Retype the listing below exactly, pictures removed.

--- Data segment ---

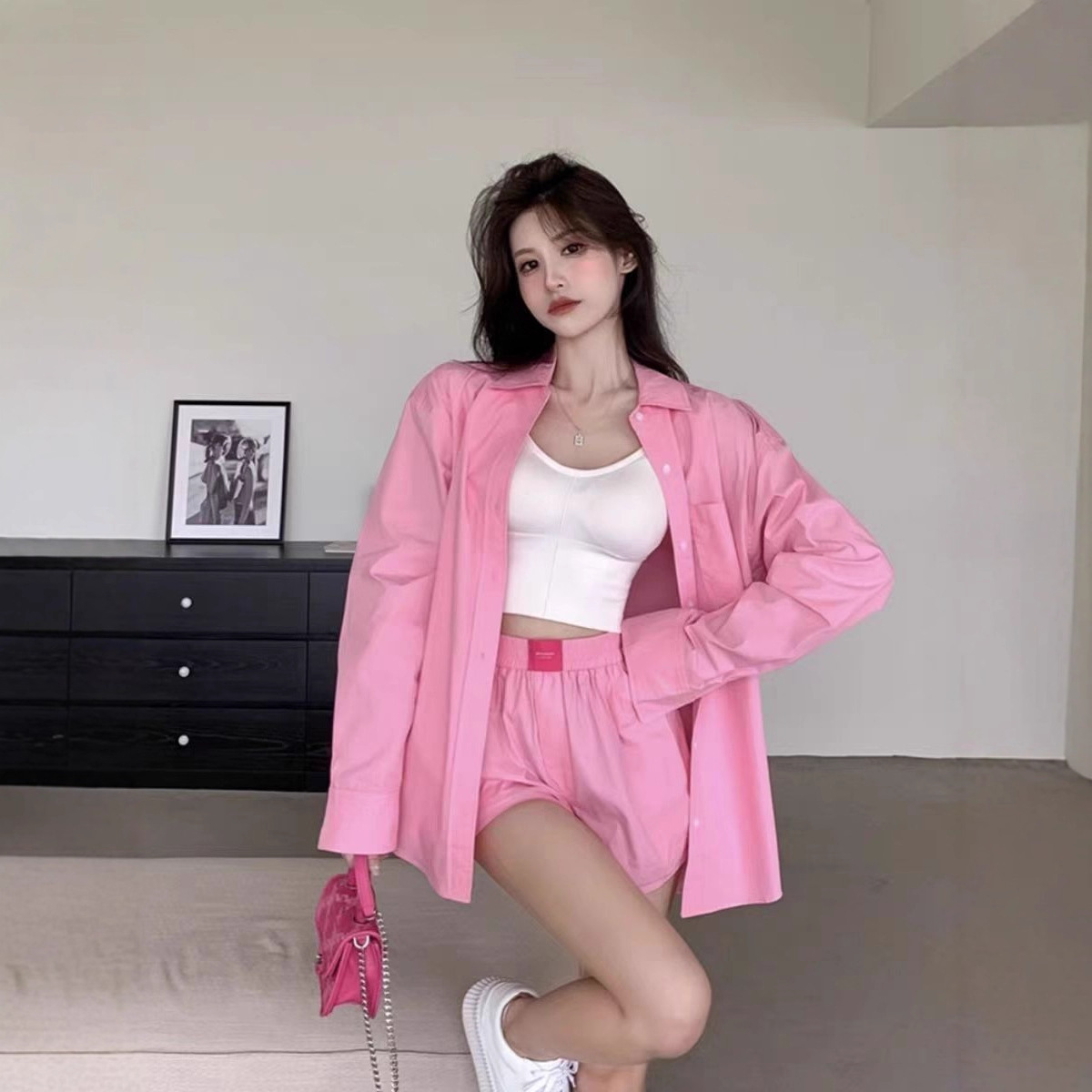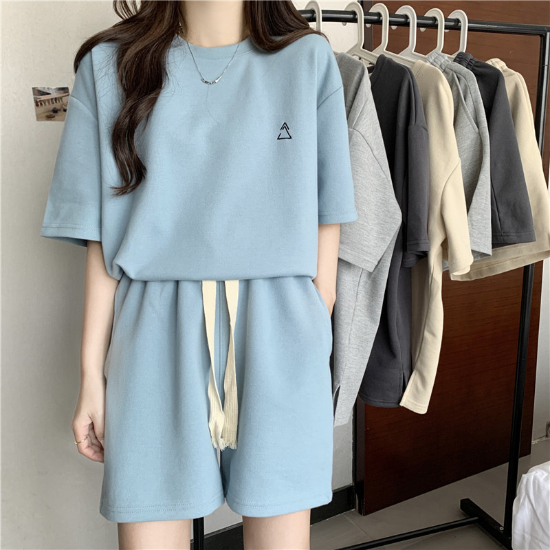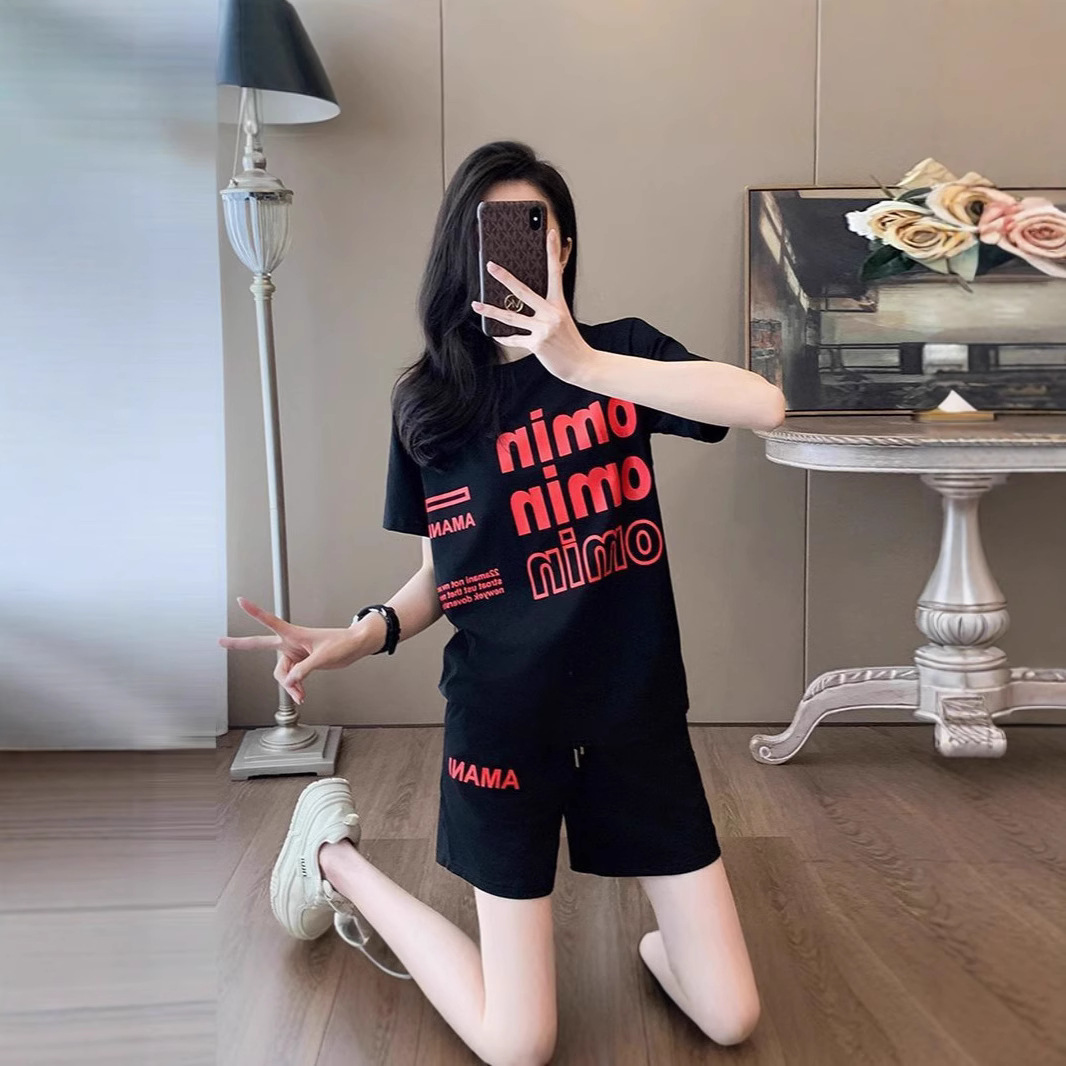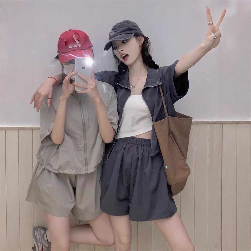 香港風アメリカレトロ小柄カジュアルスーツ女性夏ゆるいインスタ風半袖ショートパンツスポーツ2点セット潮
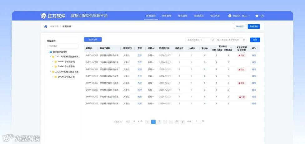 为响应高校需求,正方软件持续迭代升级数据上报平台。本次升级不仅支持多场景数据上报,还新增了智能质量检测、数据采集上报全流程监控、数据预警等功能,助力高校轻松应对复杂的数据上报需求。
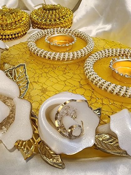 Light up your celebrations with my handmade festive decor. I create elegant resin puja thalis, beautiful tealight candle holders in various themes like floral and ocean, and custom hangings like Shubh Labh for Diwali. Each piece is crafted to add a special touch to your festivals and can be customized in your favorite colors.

---

Solution to the exercise |
 香港風アメリカレトロ小柄カジュアルスーツ女性夏ゆるいインスタ風半袖ショートパンツスポーツ2点セット潮
 为响应高校需求,正方软件持续迭代升级数据上报平台。本次升级不仅支持多场景数据上报,还新增了智能质量检测、数据采集上报全流程监控、数据预警等功能,助力高校轻松应对复杂的数据上报需求。
 Light up your celebrations with my handmade festive decor. I create elegant resin puja thalis, beautiful tealight candle holders in various themes like floral and ocean, and custom hangings like Shubh Labh for Diwali. Each piece is crafted to add a special touch to your festivals and can be customized in your favorite colors.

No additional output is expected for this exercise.